There's a wave of online-feminism that totes happiness as an act of revolution- that being oppressed in some way and still finding happiness and self-worth is a refusal to be crushed. But, like, why? Why should I be cheerful when my rights are seen as optional? I'm being obtuse, I know that if I march and shout and scream in the street I can smile and be calm in my own space. And one could argue that remaining strong and happy is the very purpose of feminism, so I'll give you that one.

So happiness is good (obviously) but where does that leave actual women? As far as I'm concerned happy women are on instagram and real women have fun, but they're not happy. The laughs that I share with my female pals are more akin to the fantastic So Sad Today twitter account.
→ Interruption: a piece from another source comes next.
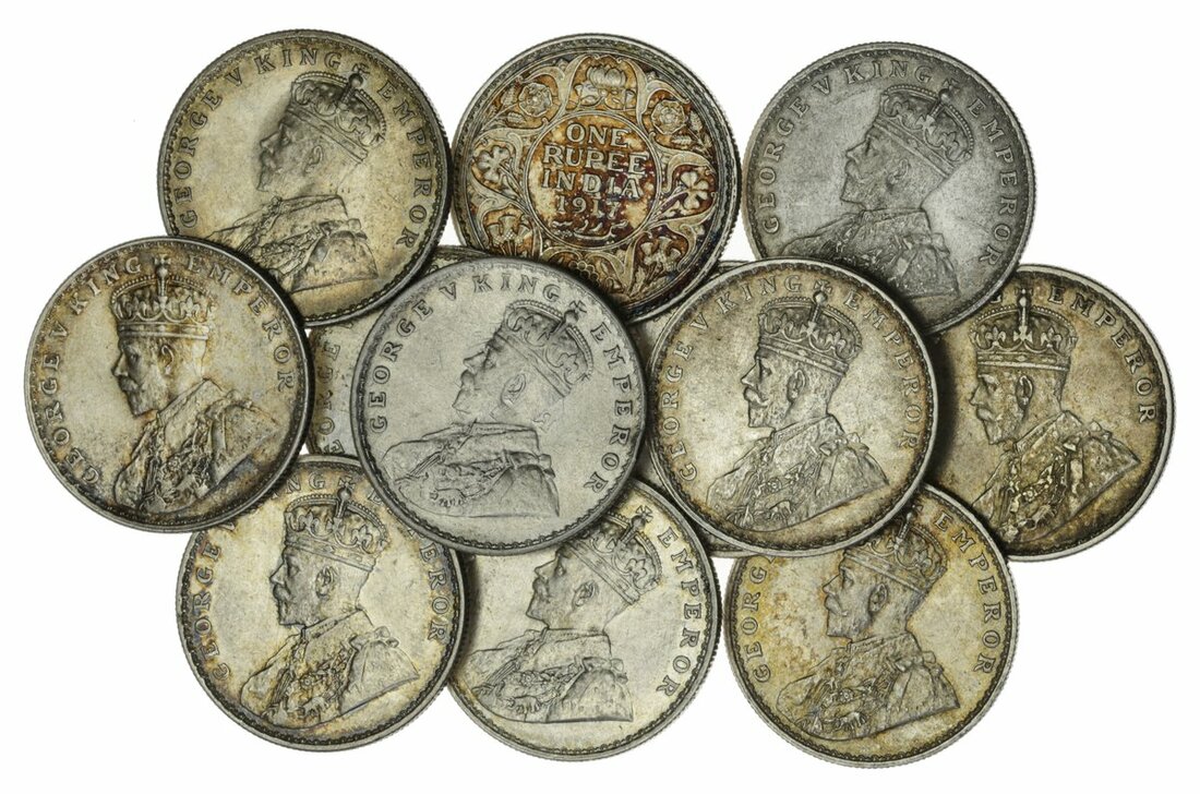 British India, George V, Rupees (12), 1913B, 1914C, 1915C, 1917B, 1918C, 1919B, 1920B, 1921B (3), 1922B (2), most cleaned, generally all around extremely fine (12)

There's lots of stating bald facts about our loneliness and frustration whilst simultaneously screaming with laughter. If I were to sit down for coffee with a woman who tells me about how happy she is I would expect her to a) try and sell me something, or b) be incredibly unobservant, seriously girl, the world is on fire.
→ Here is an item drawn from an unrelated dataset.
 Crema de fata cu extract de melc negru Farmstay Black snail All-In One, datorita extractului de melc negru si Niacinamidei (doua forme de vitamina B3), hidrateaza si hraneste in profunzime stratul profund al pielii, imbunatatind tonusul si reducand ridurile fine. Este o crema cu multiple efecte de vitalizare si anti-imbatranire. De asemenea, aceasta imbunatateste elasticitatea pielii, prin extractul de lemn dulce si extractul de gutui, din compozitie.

When pulling apart this kind of humour the temptation is to call it solipsistic, self-indulgent and first-world-problem-y. But dismissing women's right to feel disconnected is just another way of dismissing women.

Three weeks ago I started a podcast with my bestie Cate Beattie, it would be a place for us to feel sad and not be guilty. This is a remarkably hard thing to achieve. Even when we have explicitly said this there's we still apologise or make comments like 'You can't say that out loud'. I didn't think it was a remarkably feminist thing to do, and then I googled "Depression podcast" and all the results were all male. Valid and funny, but male.

The closest examples of funny, female sadness in mainstream films I can think of deal superficially with women who have been heartbroken by men ( Bridget Jones, First Wives Club, Legally Blonde). Independent cinema works harder with Greta Girwig, Jenny Slate, Lake Bell, Kristen Wiig and others doing a bad job at being a grown up in the same way men in films like Fight Club, Knocked Up and anything Woody Allan ever touched are.

Musicians are taking up the call easily, with musicians like Taco Cat, The Prettiots, and Mistki writing songs with lyrics like "On a scale of one to Plath I'm like a four, My head's not in the oven, but I can't get off the floor". Skirting misery with humour in a way that's super female.It's not the male version of sadness that points to the world and says it's society that did this; it's a conversation. You're invited to laugh and feel less lonely. You could call it venting or you could label it as women providing validation.

While women are more likely to seek help for mental health issues, female sadness is often couched in shame, it's off-brand and unappealing so stop it. An excellent illustration of being women being asked to be happy when they're not is in the hugely under rated Inside Out. The biggest criticism to women who express their sadness or dissatisfaction is that they are unattractive. I don't watch Girls (because I hold women to an impossibly high standard and Lena Durham is problematic AF) but if I did watch I know I'd find messy, complex women who feel sad and are given airtime that would usually be dedicated to women tripping along in high heels, greeting sandwich sellers by their first name and meeting their third act with a go-get-em-attitude and excellent makeup.